Unable to add workers detected by the watchdog

sharknaro · January 12, 2024, 10:39am

Hi,

First of all, I would like to say thank you for designing such an amazing product!

Unfortunately, I am having problem with adding the workers to my pioreactor cluster (leader: P01) and this is the output log I constantly receive for all the worker reactors (P04, P05, P06, P07, P08).

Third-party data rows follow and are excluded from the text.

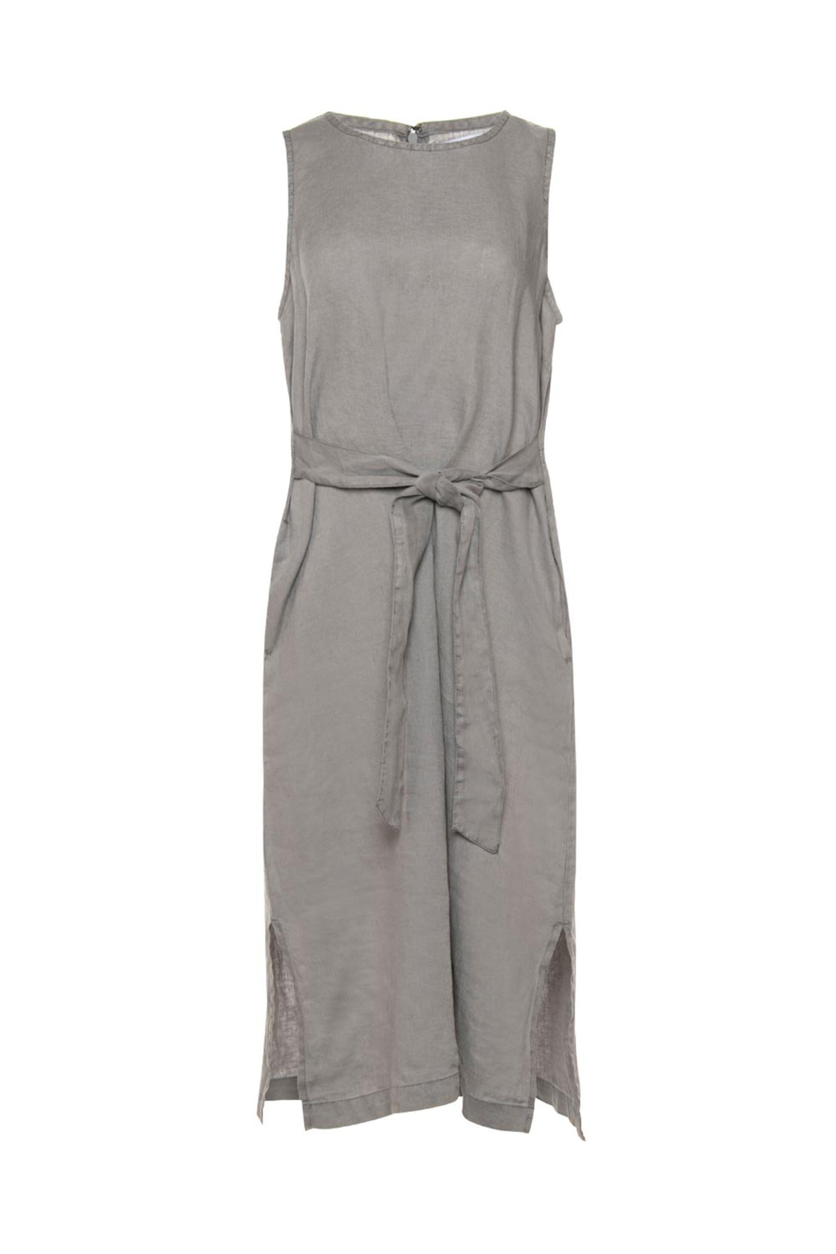 Michael Stars Galvanized Tie Front Margie Midi Dress Round neck Sleeveless Hidden back zip closure Relaxed fit Attached self-tie belt Midi length Unlined 100% linen Made in USA.
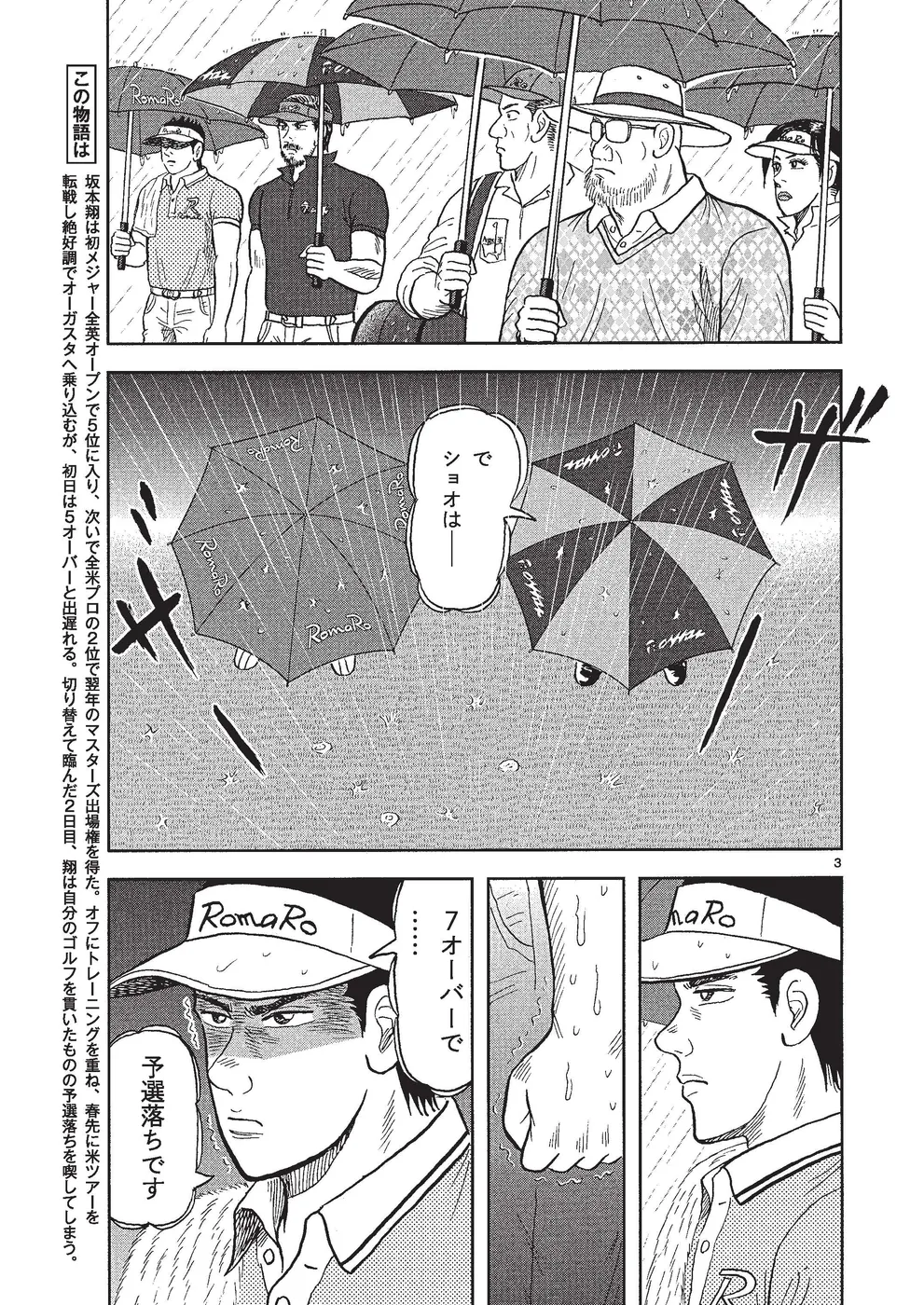 坂本翔は初メジャー全英オープンで5位に入り、ついで全米プロで2位に入ったことで翌年のマスターズ出場権を得た。オフにトレーニングを重ね、春先にアメリカを転戦して好調を維持、オーガスタへ乗り込んだ。初日に5オーバーと出遅れた翔は2日目、自分のゴルフを貫くものの、予選落ちを喫してしまう。
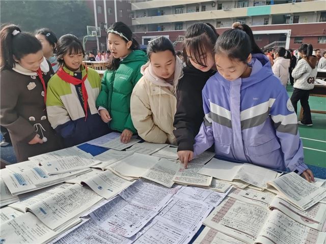 展评现场氛围热烈,同学们驻足观赏、认真研读:低年级小朋友瞪大好奇的眼睛,一边指着优秀作业轻声交流,一边默默记下值得学习的亮点,主动向大哥哥姐姐看齐;高年级同学则细致琢磨同伴作业中的巧妙思路与规范格式,不时与同学探讨交流,积极汲取他人长处。大家沉浸在浓厚的学习氛围中,互帮互学、共同进步。
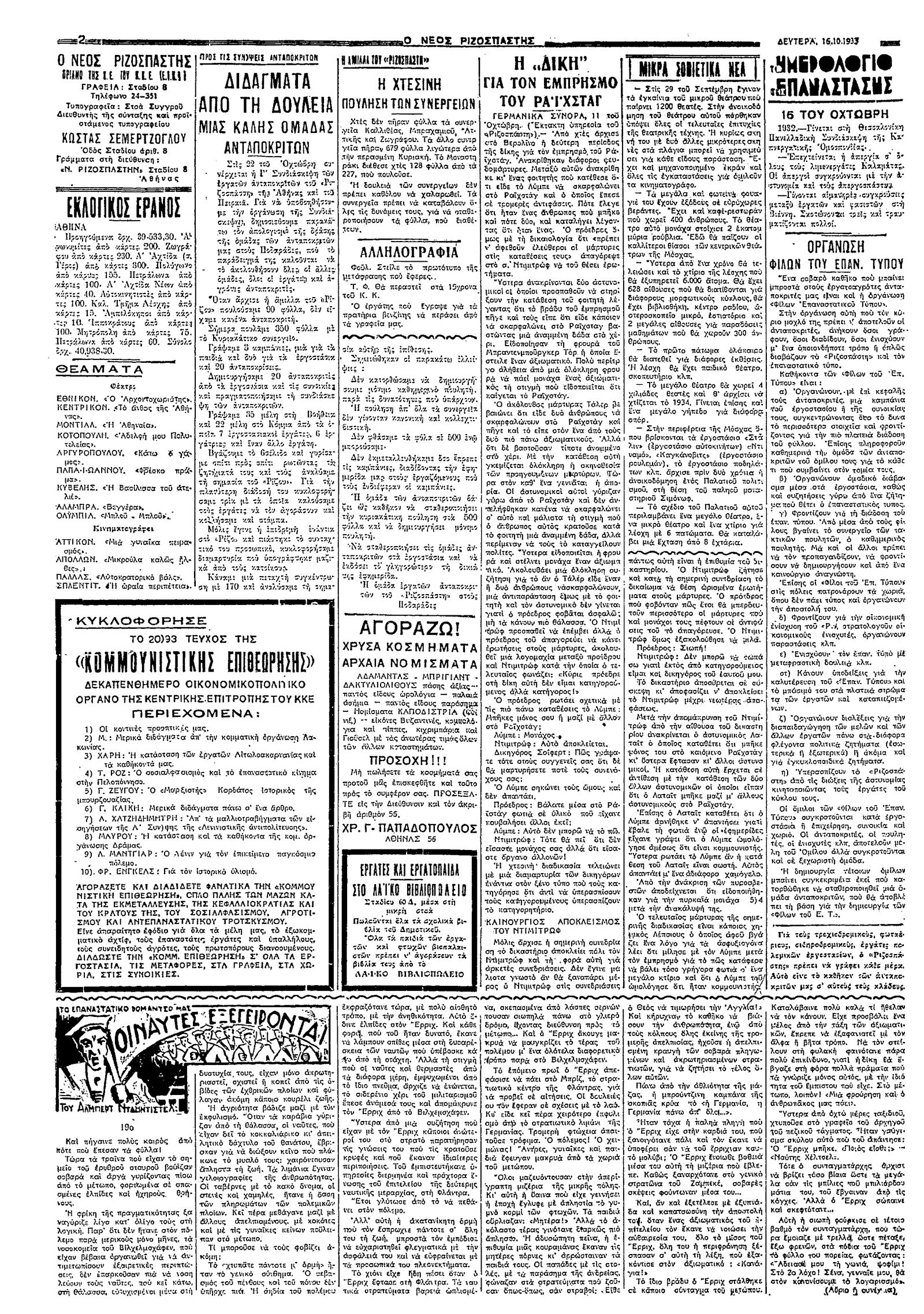 Ριζοσπάστης 16/10/1933
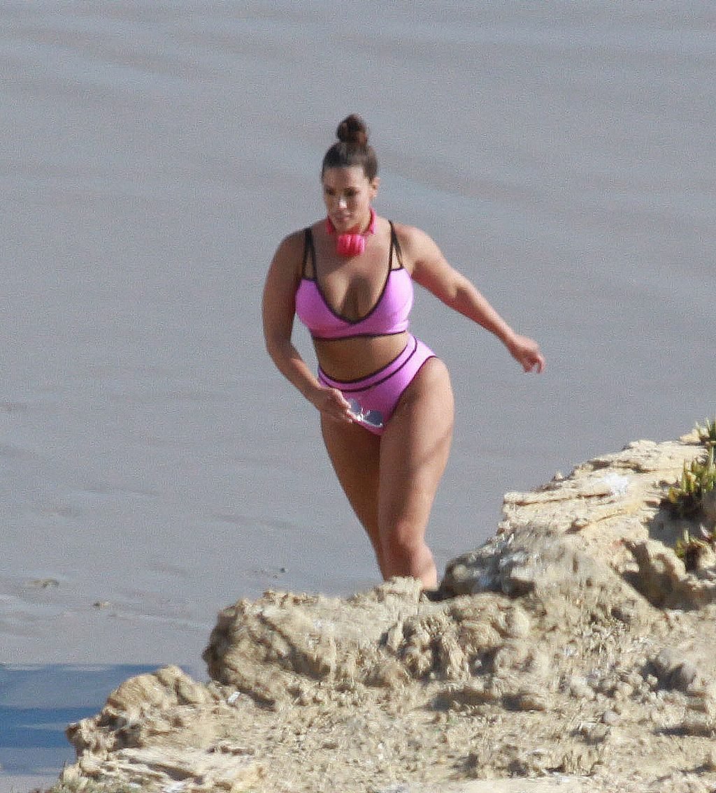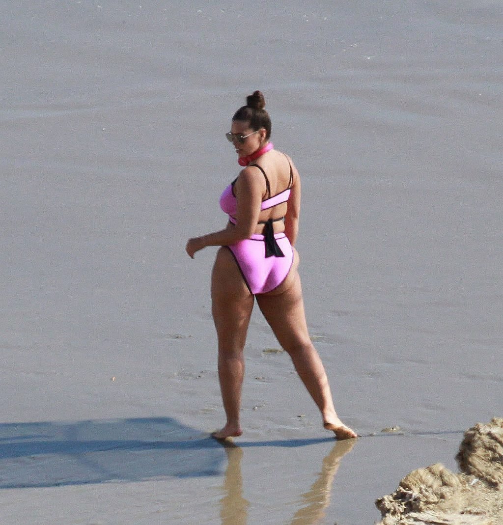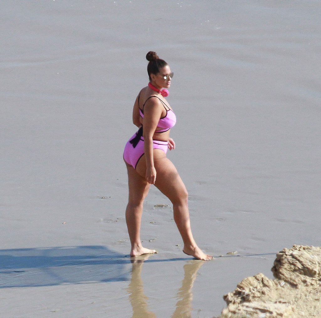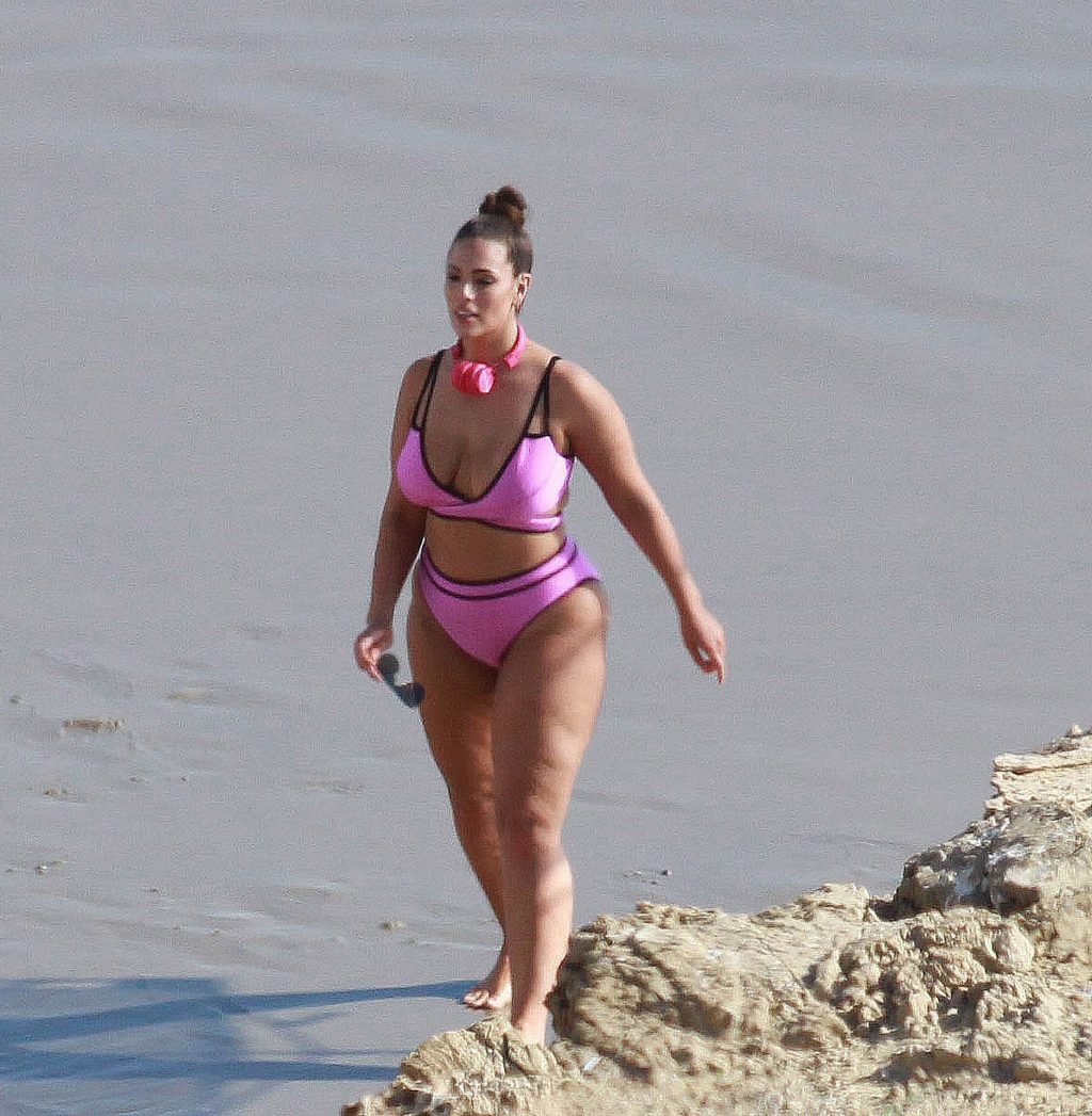 Ashley Graham fue vista usando un bikini rosa durante una sesión de fotos en la playa en Los Ángeles, California, 14/01/2019.

e[32m2024-01-11T16:05:24+0100 INFO [add_pioreactor] Adding new pioreactor P05 to cluster.e[0m e[31m2024-01-11T16:05:38+0100 ERROR [add_pioreactor] + set -e + export LC_ALL=C + LC_ALL=C + SSHPASS=raspberry + HOSTNAME=P05 + HOSTNAME_local=P05.local + USERNAME=pioreactor + ssh-keygen -R P05.local + ssh-keygen -R P05 ++ getent hosts P05.local ++ cut '-d ’ -f1 + ssh-keygen -R 192.168.100.196 + N=120 + counter=0 + sshpass -p raspberry ssh P05.local ‘test -d /home/pioreactor/.pioreactor && echo ‘'‘exists’'’’ + pio discover-workers -t + grep -q P05 + sshpass -p raspberry ssh-copy-id P05.local /usr/bin/ssh-copy-id: INFO: Source of key(s) to be installed: “/home/pioreactor/.ssh/id_rsa.pub” /usr/bin/ssh-copy-id: INFO: attempting to log in with the new key(s), to filter out any that are already installed /usr/bin/ssh-copy-id: WARNING: All keys were skipped because they already exist on the remote system. (if you think this is a mistake, you may want to use -f option) + rm -f /home/pioreactor/.pioreactor/config_P05.ini + touch /home/pioreactor/.pioreactor/config_P05.ini + echo -e ‘# Any settings here are specific to P05, and override the settings in shared config.ini’ + crudini --set --ini-options=nospace /home/pioreactor/.pioreactor/config.ini cluster.inventory P05 1 + ssh-keyscan P05.local # P05.local:22 SSH-2.0-OpenSSH_9.2p1 Raspbian-2 # P05.local:22 SSH-2.0-OpenSSH_9.2p1 Raspbian-2 # P05.local:22 SSH-2.0-OpenSSH_9.2p1 Raspbian-2 # P05.local:22 SSH-2.0-OpenSSH_9.2p1 Raspbian-2 # P05.local:22 SSH-2.0-OpenSSH_9.2p1 Raspbian-2 + pios sync-configs --units P05 --skip-save e[36m2024-01-11T16:05:36+0100 DEBUG [sync_configs] Syncing configs on P05…e[0m + sleep 1 + N=120 + counter=0 + sshpass -p raspberry ssh P05.local ‘test -f /home/pioreactor/.pioreactor/config.ini && echo ‘'‘exists’'’’ ++ date + ssh P05.local ‘sudo date --set “Thu Jan 11 16:05:38 CET 2024”’ sudo: a terminal is required to read the password; either use the -S option to read from standard input or configure an askpass helper sudo: a password is required e[0m Aborted!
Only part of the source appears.